NLST-637: Improve Lung Cancer Prediction by Training Multi-task Self-supervised Pre-training on … - Approved Projects

Studies on CDAS

Additional Studies...

More Information

Principal Investigator

Name

Yi Chen

Degrees

M.D

Institution

ASUS AICS

Position Title

Machine Learning Engineer

yi1_chen@asus.com

About this CDAS Project

Study

NLST (Learn more about this study)

Project ID

NLST-637

Initial CDAS Request Approval

Feb 19, 2020

Title

Improve Lung Cancer Prediction by Training Multi-task Self-supervised Pre-training on Large Unlabeled Data

Summary

Supervised Image classification algorithm by deep learning got a huge success in the natural image dataset, such as ImageNet.

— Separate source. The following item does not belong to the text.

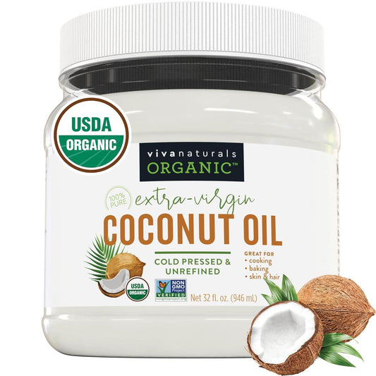Viva Naturals Organic Coconut Oil, Cold-Pressed - Natural Hair /Skin Oil and Cooking Oil with Fresh Flavor, Non-GMO Unrefined Extra Virgin(Aceite de Coco), USDA Organic, 16 oz

However, scarce annotation is a common problem in the medical image. Since medical image annotations need to come from doctors or radiologists, it is hard to increase annotations quickly. To deal with this difficulty, some researchers focus on training a self-supervised pre-training model by giving a surrogate label, which can be a scalar[1] or image[2]. Others try to improve model performance by multi-task learning, which feeds several image sources to model. It can be different tasks[3] or different modalities[4], like CT, MRI. We provide a new idea to train a self-supervised pre-training model by multi-task learning. We first design several surrogate labels for unlabeled images and then training the neural network with different "heads", which can be a decoder or fully connected layer connected to the encoder part, simultaneously. This architecture regularizes the encoder part to learn prior information in the medical image by satisfying different pre-defined surrogate classifiers or decoders. After that, we can finetune this pre-training encoder or the whole model to get better performance and faster convergence in lung cancer prediction. Therefore, we need a huge amount of unlabeled data like NLST to train this self-supervised model.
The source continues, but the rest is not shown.